Levanto el pulgar. Sandra, una amiga de Noelia, me cuenta que a su novio también le gusta y que conoce algunos sitios. Va a buscar unas tarjetas en su bolso de playa. Laura y Natalia se levantan para

ir a por más sangría mientras yo me enciendo un cigarro. Hago un cenicero portátil con el cartoncito del paquete de tabaco. No me gusta guarrear la playa, de hecho preferiría no fumar aquí, pero tengo muchas ganas.

—Qué pena que seas gay.

Noelia y yo nos hemos quedado solos. La miro de reojo.

—¿Por qué te da pena?

—Porque haga lo que haga, no te voy a gustar, ¿no? —dice ella coqueta—. ¿O sí?

—Pues no. Pero si fuera hetero, a lo mejor tampoco me gustarías.

Abre mucho los ojos y la boca, escandalizada, y me da un golpe en el brazo, echándose a reír.

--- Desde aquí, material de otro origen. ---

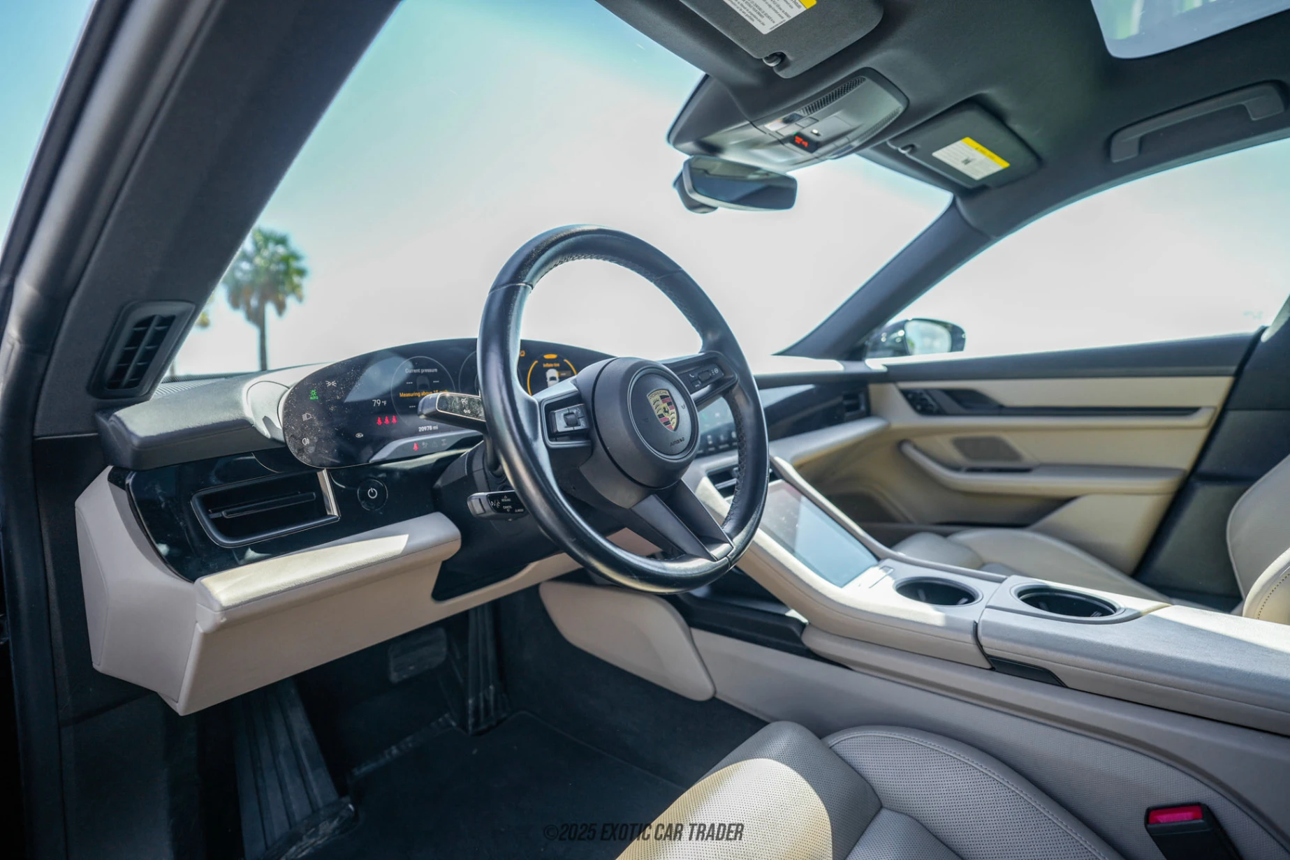 Finished in black and riding on 20-inch Taycan Turbo Aero wheels, the exterior presents a clean, aerodynamic profile focused on efficiency without sacrificing presence. Inside, the black and limestone beige two-tone leather interior creates a bright and upscale atmosphere. The cabin is further enhanced by features such as a fixed panoramic glass roof, ambient lighting, ventilated front seats, and a Bose surround sound system, all contributing to a modern, comfortable, and technologically advanced interior environment.

—¡Qué malo eres! Tío, eres horrible…

Pero sigue riéndose. Yo la acompaño, la verdad es que a mí me da risa porque sé con certeza que, si fuera hetero, ella no me gustaría en absoluto. De hecho ya me está empezando a aburrir. Cuando Sandra regresa con las tarjetas, me quedo hablando con ella sobre buceo un rato. Sandra es maja y parece mucho más interesante que Noelia. Sí, si fuera hetero, seguramente Sandra tendría más papeletas para gustarme que la tonta esta.

—Bueno, chicas, me largo a darme otro baño. Pasadlo bien.

Corto la conversación y me guardo las tarjetas, luego me levanto y me sacudo un poco la tierra mientras camino hacia el mar. Sé que me están mirando. Sé que Noelia me echaría un polvo, y puede que las demás también. Pero mira, mala suerte. Tal vez hace un año me las hubiera tirado. Quizá a todas juntas. Y me pregunto una vez más si de verdad me gustan los tíos o solo me gusta Grimm. Aún no he encontrado a ningún otro tío al que quisiera tirarme.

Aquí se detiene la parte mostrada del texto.